Jewish residents of London were targeted in two antisemitic incidents on Sunday in the Haredi neighborhood of Stamford Hill, despite repeated pledges by British authorities to confront the rise in attacks on the community.
In one incident, shortly after 6:25 p.m., a woman attacked a Jewish schoolboy wearing a kippah outside a Jewish boys’ school while shouting antisemitic abuse at him.
Volunteers from the Jewish neighborhood watch group Shomrim arrived quickly at the scene and called the police. Officers arrested the suspect on suspicion of a racially aggravated assault. Shomrim urged any additional witnesses or victims to come forward.
Earlier the same day, at about 3:45 p.m., a man allegedly attacked several Haredi women in the area. According to Shomrim, the suspect lashed out at them with a belt and spat at one of the group’s volunteers who arrived at the scene.
Shomrim said the suspect also shouted racist abuse at the victims and at its volunteers during the incident.

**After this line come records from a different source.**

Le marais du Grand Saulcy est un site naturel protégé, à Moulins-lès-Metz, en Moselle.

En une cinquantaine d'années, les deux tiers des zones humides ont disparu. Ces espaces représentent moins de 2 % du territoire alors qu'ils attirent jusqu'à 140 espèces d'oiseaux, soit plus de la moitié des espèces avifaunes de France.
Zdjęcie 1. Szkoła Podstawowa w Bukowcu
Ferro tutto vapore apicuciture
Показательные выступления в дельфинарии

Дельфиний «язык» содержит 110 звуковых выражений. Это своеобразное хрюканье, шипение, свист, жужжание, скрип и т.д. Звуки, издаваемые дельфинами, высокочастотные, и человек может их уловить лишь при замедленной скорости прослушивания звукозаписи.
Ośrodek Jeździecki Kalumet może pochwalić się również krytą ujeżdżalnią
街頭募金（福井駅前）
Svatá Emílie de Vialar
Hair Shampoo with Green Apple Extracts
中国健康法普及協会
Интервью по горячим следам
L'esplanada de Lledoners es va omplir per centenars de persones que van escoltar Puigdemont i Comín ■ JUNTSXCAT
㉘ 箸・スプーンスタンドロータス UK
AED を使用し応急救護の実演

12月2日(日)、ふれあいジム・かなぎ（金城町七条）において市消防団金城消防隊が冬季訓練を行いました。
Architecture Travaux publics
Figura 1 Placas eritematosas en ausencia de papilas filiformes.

The volunteers detained the suspect until police arrived, and he was arrested at the scene. He was later charged with racially aggravated public order offenses and assault, and his detention was extended by a court.

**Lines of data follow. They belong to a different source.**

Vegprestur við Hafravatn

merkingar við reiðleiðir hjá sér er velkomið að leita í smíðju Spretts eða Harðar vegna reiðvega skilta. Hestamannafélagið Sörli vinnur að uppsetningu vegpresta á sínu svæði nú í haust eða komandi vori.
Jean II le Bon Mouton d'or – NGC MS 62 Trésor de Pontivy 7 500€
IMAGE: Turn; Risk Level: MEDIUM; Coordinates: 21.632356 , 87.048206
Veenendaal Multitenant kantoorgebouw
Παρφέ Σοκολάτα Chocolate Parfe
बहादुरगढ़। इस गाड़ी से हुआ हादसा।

The incidents come amid a string of antisemitic attacks and threats in London, including cases in which two young men harassed a Haredi man and posted the footage on TikTok, a suspect shouted at Jews that Hitler should have killed them, police investigated an alleged attempt to run over Jewish children, and unknown assailants tried to set fire to a building that had previously served as a synagogue.
Following the rise in attacks, London police commissioner Mark Rowley warned that Britain’s Jewish community is facing the gravest threat in its history. He said antisemitism was being fueled by social media and could not be solved by police enforcement alone.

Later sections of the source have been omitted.